That 2016 post talked at length about the latter. This post is more about the former.

Different Coupling Facility LPAR Types

There are different kinds of coupling facility LPAR, and this customer has several of them:

  • Dedicated
  • Shared – without Dynamic Dispatch (DYNDISP=NO)
  • Shared – with Dynamic Dispatch (DYNDISP=YES)
  • Shared – with DYNDISP=THIN

The latter two are similar but, in essence, Thin Interrupts (DYNDISP=THIN) shortens the time a CF spends polling for work, releasing the physical CPU sooner.
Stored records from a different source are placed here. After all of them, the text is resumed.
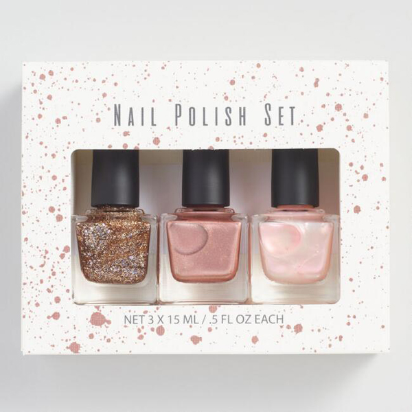 Gold Dust Mask | Color Club Trio Rose Gold Nail Polish Set | Gold Opal Earrings | Gold and Rhinestone Necklace | Word Hair Pins | Blush Velvet Kimono
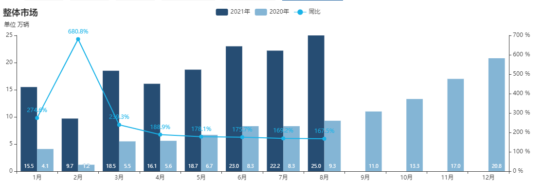 然而在新能源市场又是另一番景象,8月新能源汽车产销分别完成30.9万辆和32.1万辆,同比均增长1.8倍。其中纯电动汽车产销分别完成25.2万辆和26.5万辆,同比均增长1.9倍;插电式混合动力汽车产销均完成5.6万辆,同比分别增长1.4倍和1.7倍;燃料电池汽车产销分别完成40辆和38辆,同比分别下降58.8%和68.6%。
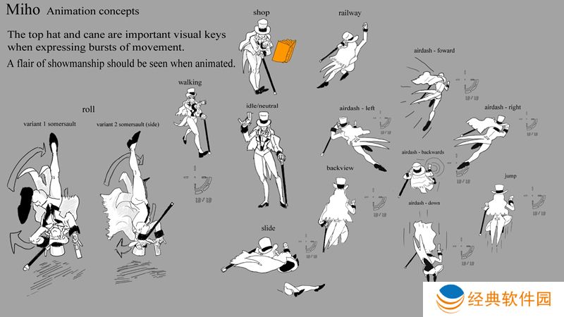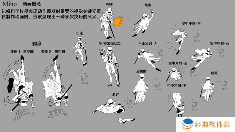 手杖和高顶礼帽可以作为强调移动爆发的很好方式。

This is good for other ICF LPARs, but maybe not so good for the LPAR with DYNDISP=THIN.

While this customer’s data doesn’t exemplify all four types it is a useful set of data for illustrating some dynamics.

About This Customer’s Mainframe Estate

I’m only going to describe the relevant bits of the customer’s mainframe estate – and I’m going to remove the names.

There are four machines, each running a mixture of LPARs in sysplexes and monoplexes. The sysplex we were most interested in had four LPARs, one on each machine. Also four coupling facilities, again one on each machine. There were no external coupling facilities.

Those of you who know a bit about resilience are probably wondering about duplexing coupling facility structures but this post isn’t about that.

I don’t think it makes any difference but these are a mix of z13 and z14 machines.

We had SMF 70-1 and SMF 74-4 from these z/OS LPARs and the four coupling facilities, but little from the others.

Here are the four machines’ ICF processor pools, across the course of a day.

The top two look significantly different to the bottom two, don’t they?

Machines A And B

These two machines have multiple ICF LPARs, each with some kind of DYNDISP turned on. We can see that because they don’t use the whole of their PR/SM shares – as their utilisation from the PR/SM point of view is varying.

Each machine has two shared ICF processors.

We have SMF 74-4 for the blue LPARs. So we can see they are using DYNDISP=THIN. We can’t see this for the other LPARs as we don’t have SMF 74-4 for them. (SMF 70-1 doesn’t have a DYNDISP indicator.)

The blue LPARs are also much busier than the other LPARs in their pool. While one might consider dedicating one of the two ICF processors we wouldn’t ideally define an ICF LPAR with a single logical processor.

Machine C

Machine C looks different, doesn’t it?

Again we have 2 physical processors in the ICF pool.

Here we have four ICF LPARs, each with DYNDISP=NO. We know three facts to establish this:

  • From SMF 70-1 we know that none of the LPARs has any dedicated ICF engines. We know this two ways:
    • As this graph shows, none of them has the share of a single ICF engine.
    • We have Dedicated and Shared processor information explicitly in SMF 70-1.
  • These LPARs use their whole share – judging by the constant CPU use in SMF 70-1.
  • From SMF 74-4 we know the blue LPAR in particular has DYNDISP=NO. (We don’t have SMF 74-4 for the others.)

Machine D

This looks similar to Machine C but it isn’t quite.

Yet again the ICF pool has 2 processors.

  • The Red LPAR has dedicated processors – from both SMF 70-1 and SMF 74-4. DYNDISP doesn’t even come into it for this LPAR.
  • The other LPARs have DYNDISP=NO, judging by their (SMF 70-1) behaviour.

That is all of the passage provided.